When translating this in SSA, we end up having the issue that uses of x
after the if
could either be x2
or x3
:
x1 = 0;
if (cond)
x2 = 1;
else
x3 = 2;
... ? ...
To solve this problem, a phi-node is placed where uses of x
appear after the if
:
x1 = 0;
if (cond)
x2 = 1;
else
x3 = 2;
... phi(x2, x3) ...
Intuitively, phi(x2, x3)
means “the value of this expression is either x2
or x3
,
depending on the control-flow path leading to the current instruction”.
In standard SSA-based IRs, functions are represented as a list of basic-blocks, which are just groups of instructions that start at a label, and end with a jump or branch to another basic-block or return from the function.
The if
statement above would therefore be represented as:
x1 = 0
branch cond, if_true, if_false
if_true:
x2 = 1
jump if_join
if_false:
x3 = 2
jump if_join
if_join:
x4 = phi(x2, x3)
... x4 ...
Some SSA-based IRs keep a structured control-flow representation with nested if
s and other looping constructs,
but that approach is actively harmful in general, as even if the source program does in fact contain no goto
or branch instruction,
some optimizations may produce/require unstructured control-flow.
Adding Functional Concepts to SSA
SSA-based IRs are good in the sense that they simplify compiler design for imperative programs. However, traditional SSA-based IRs lack several concepts that come from functional languages: There is no notion of functions as values (functions can only be used as the target of a call, or maybe by taking their address). This, in turn, means that a functional program has to be closure-converted before generating IR: Functions that capture their environment must be turned into an object that carries a function pointer and the captured variables.
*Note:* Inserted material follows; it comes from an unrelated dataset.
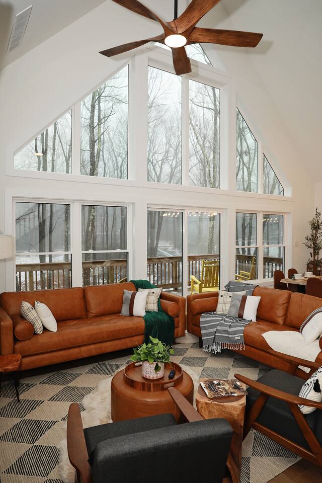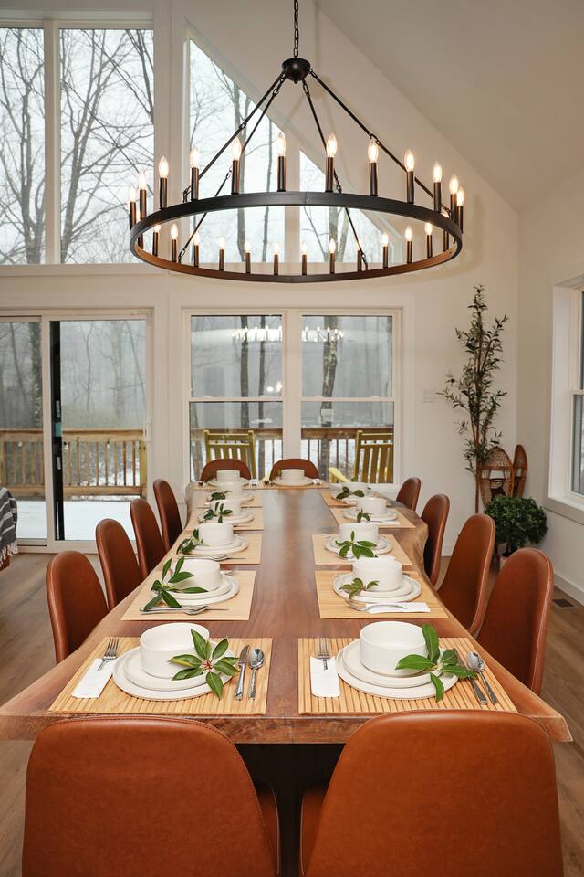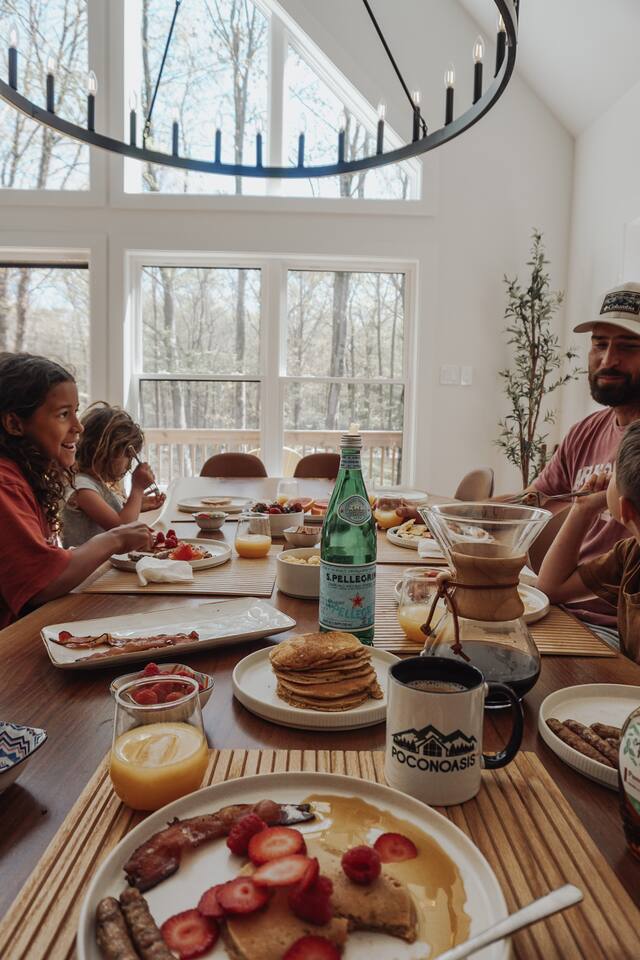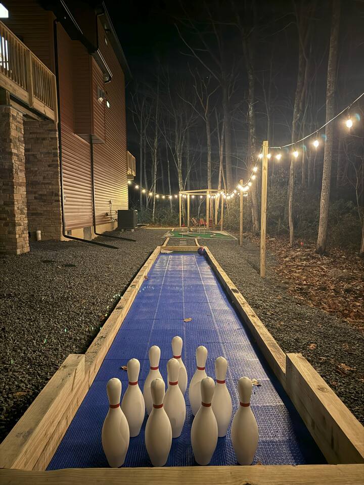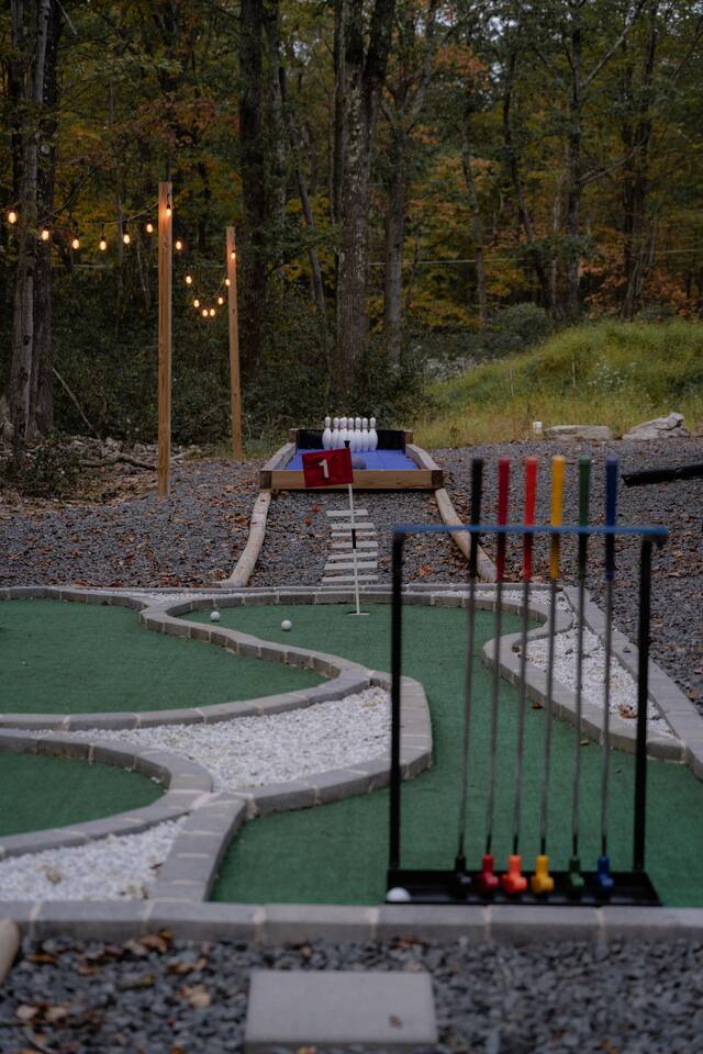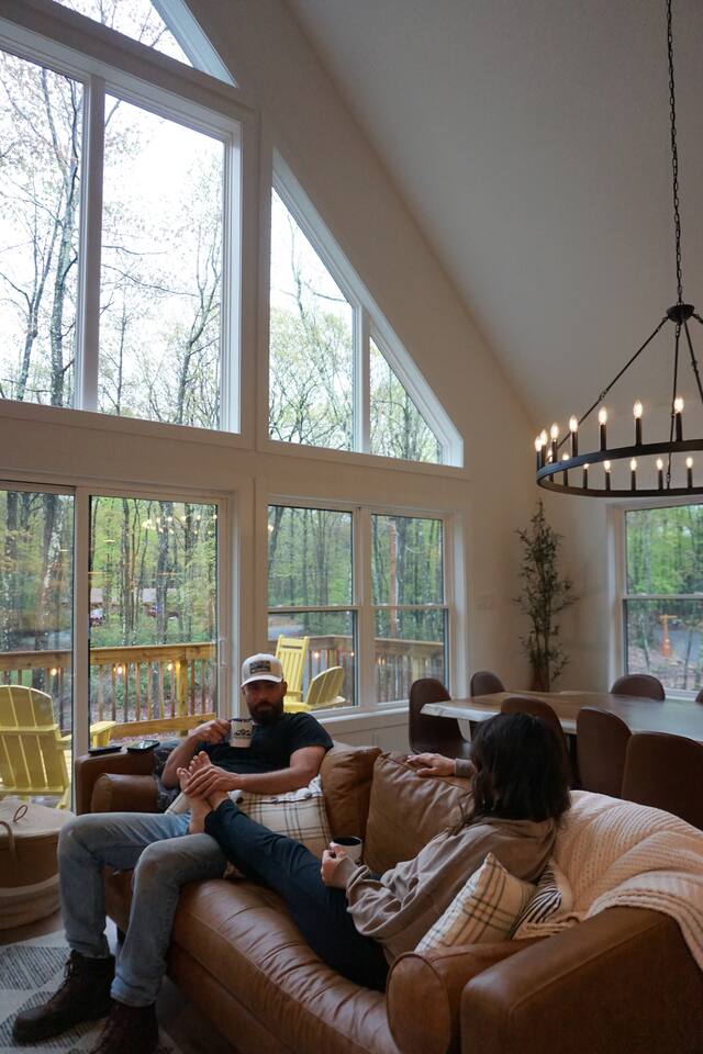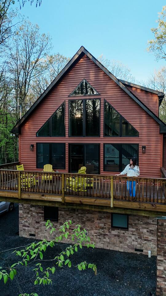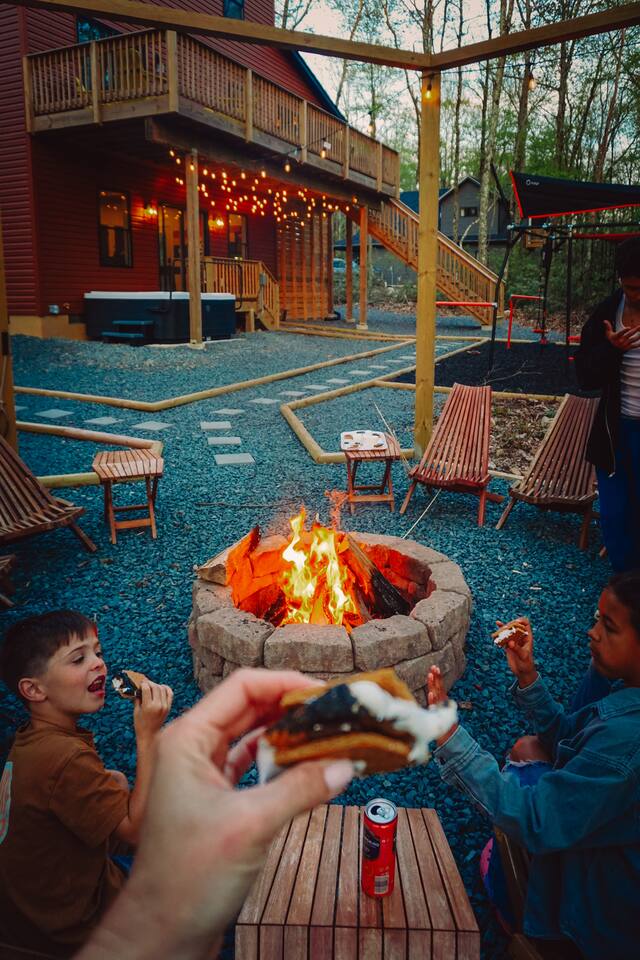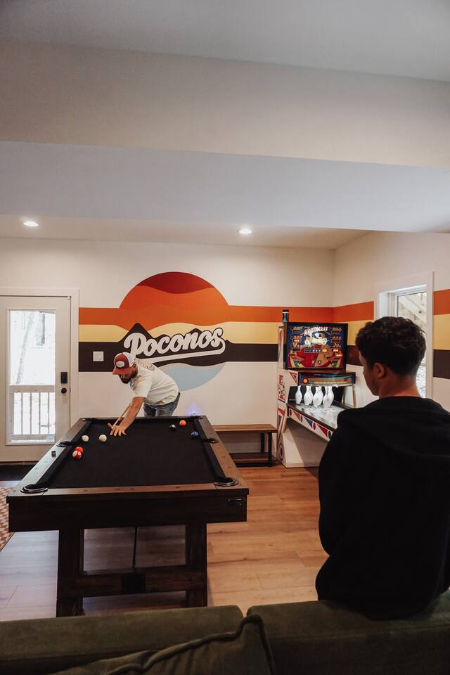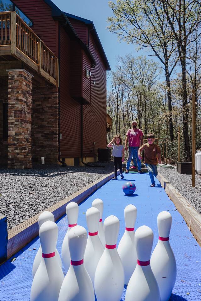 Kiley’s Review ★ ★ ★ ★ ★ August 2025 This house is exactly as described and was perfect for our multi-family vacation. Our family of 14 (8 adults, 5 kids and one dog) fit perfectly in this home, which is thoughtfully set up to host large groups of various ages. Katie was marvelous to coordinate with, and we greatly appreciated how helpful and responsive she was. The kids and adults enjoyed the amenities and the toddler loved seeing the deer every morning from the deck. Guests' Favorite Amenities! ✔ Hot Tub directly off the Deck ✔ 3 Hole Mini Golf ✔ Fire Pit with Seating for 10 for group S'mores roasting ✔ Propane Fireplace on the Deck ✔ Outdoor Bowling ✔ Playset American Ninja ropes course ✔ Pool Table ✔ Nintendo Switch ✔ Vintage Shuffle Board Bowling Arcade ✔ Arcade Game with 12 classic games including Ms. PAC-MAN ✔ Vintage Board Games ✔ Music Loft with Keyboard and Guitars ✔ Brand New 3 Story Modern Mountain Chalet ✔ Soaring Vaulted Ceilings with a Secluded Wooded View ✔ Chef's Kitchen ✔ Master Suite with Deck and Sunset Views ✔ Covered Grilling and Dining Deck for Entertaining ✔ 4 Bedrooms with King Beds (3 Ensuite) ✔ 1 Bunkroom with 1 double and 1 triple bunk ✔ Ceiling Fan in each Bedroom ✔ Roku smart TV's in every bedroom ✔ 86 inch Roku TV in the Game Room ✔ Pack n Play ✔ Controllable Central HVAC Inside, the home is designed for both comfort and entertainment for all ages. Bedrooms & Bathrooms • Each floor features a master ensuite, and every bathroom is accessible from both a bedroom and a common area—perfect for privacy and flexibility. • The first-floor bathroom includes a tub/shower, while the second and third floors have walk-in showers. Sleeping Arrangements • The first floor has a bunk room with a double and triple bunk, great for kids or groups. • The remaining four bedrooms each have a king bed for a restful night's sleep. Kitchen & Living Spaces • The kitchen and main master suite are located on the second floor, with an open-concept living and dining area that leads to a spacious front deck. Outdoor Living • Enjoy the covered deck just off the kitchen, featuring two dining tables with bench seating and a propane grill—perfect for outdoor meals, rain or shine. • The second-floor deck spans the front and rear of the house, offering another great space to take in the surroundings. • The main entrance welcomes you with a ski lift bench, a fun photo op spot! Firewood is also stocked here for your convenience. Entertainment & Leisure • Private hot tub for ultimate relaxation • Fire pit for cozy nights under the stars • Three-hole mini golf • Outdoor bowling • Playset for the little ones This home is designed for gathering, unwinding, and making memories. We can’t wait to host you! ____________________________________ Outdoor Adventures & Activities • Pocono Whitewater - 8 min - Exciting rafting, kayaking, and biking through the scenic Lehigh Gorge. • Lehigh Gorge Trail - 19 min - Rent a bike and enjoy a scenic 25-mile ride along the Lehigh River. • Pocono Outdoor Adventure Tours - 21 min - UTV rides through scenic mountain trails, ages 5+ can ride! • Delaware Water Gap - 48 min - Stunning waterfalls, river paddling, and Mt. Tammany hikes. ____________________________________ Skiing & Snowboarding Resorts • Jack Frost & Big Boulder Ski Resort - 19 min - Scenic skiing, snowboarding, and tubing by day and night. • Camelback Resort - 39 min - Year-round adventure with skiing, waterparks, ziplining, and more! • Blue Mountain Ski Resort - 39 min - Home to Pennsylvania’s highest vertical drop, plus hiking & biking. ____________________________________ Scenic & Nature Parks • Austin T. Blakeslee Natural Area - 23 min - Scenic trails, serene waterfalls, and peaceful fishing spots. • Hickory Run State Park - 21 min - Home to breathtaking waterfalls and the world-famous Boulder Field. • Bear Mountain Butterfly Sanctuary - 9 min - Walk among free-flying butterflies and interactive exhibits. ____________________________________ Historic & Sightseeing Attractions • Historic Jim Thorpe - 19 min - Quaint streets, boutique shops, and 19th-century architecture. • Lehigh Gorge Scenic Railway - 19 min - Breathtaking train rides through cliffs, forests, and mountains. • Jim Thorpe Trolley Co. - 19 min - Dog-friendly guided tours of Jim Thorpe’s rich history and architecture. ____________________________________ Family Fun & Entertainment • Kalahari - 37 min - America’s largest indoor waterpark, plus dining, spa, and entertainment. • Penn’s Peak - 15 min - Live concerts, dining, and stunning panoramic mountain views. • Skirmish Paintball - 18 min - One of the world’s largest paintball fields with 750+ acres and 50+ themed maps. ____________________________________ Horseback Riding • Deer Path Riding - 18 min - Peaceful, guided horseback rides for ages 7+, no experience needed. • Mountain Creek Riding Stable - 43 min - Scenic guided trail rides for all skill levels. ____________________________________ Food & Drink • Pocono Organics Café - 20 min - Farm-to-table café offering fresh, organic meals and smoothies. • Boulder View Tavern - 17 min - Delicious food, lakefront views, and a dog-friendly patio. • Reilly’s Produce - 9 min - Farm-fresh fruits, vegetables, and local goods straight from the Poconos. ____________________________________ Motorsports & Racing • Pocono Raceway - 21 min - NASCAR races, thrilling events, and drive-the-track experiences. ____________________________________ Perfect adventures for every season—book your stay now!

This is particularly bad because it means that functional optimizations are no longer available at the IR level. Any optimization that deals with functions would have to either be happy just looking at function pointers, or somehow undo the closure-conversion internally. Clearly, this calls for adding the concept of a function in the IR.
One option is to fix this by adding the concept of a function as a value in the IR, simply just allowing the use of functions outside of just call sites and address capture. However, a famous paper by A. W. Appel, SSA is Functional Programming, shows that it is possible to represent both basic-blocks and functions as functions.
The idea is simple: Basic-blocks are essentially just like special functions that never return. In the literature, those are called continuations. A continuation can simply be encoded as a function with a special return type. This special return type encodes in the type system that the function does not return, and since there is no way to create a value of that type other than to call a function which does not return, then we indirectly ensure that our basic-blocks/continuations call another basic-block as a last instruction. This convention is called CPS for Continuation-Passing Style.
Therefore, the code seen above can be translated in a functional-SSA form like this:
let entry = func () =>
let if_join = func (x4) =>
...
in
let if_false = func () =>
let x3 = 2 in
if_join(x3)
in
let if_true = func () =>
let x2 = 1 in
if_join(x2)
in
let x1 = 0 in
if cond then if_true() else if_false()
An important aspect of this example is that the order in which the basic-blocks appear is reversed:
if_join
has to appear first since it is needed by other basic-blocks before it.
The order in which the names appear here outlines another important property of SSA-based IRs: Scoping.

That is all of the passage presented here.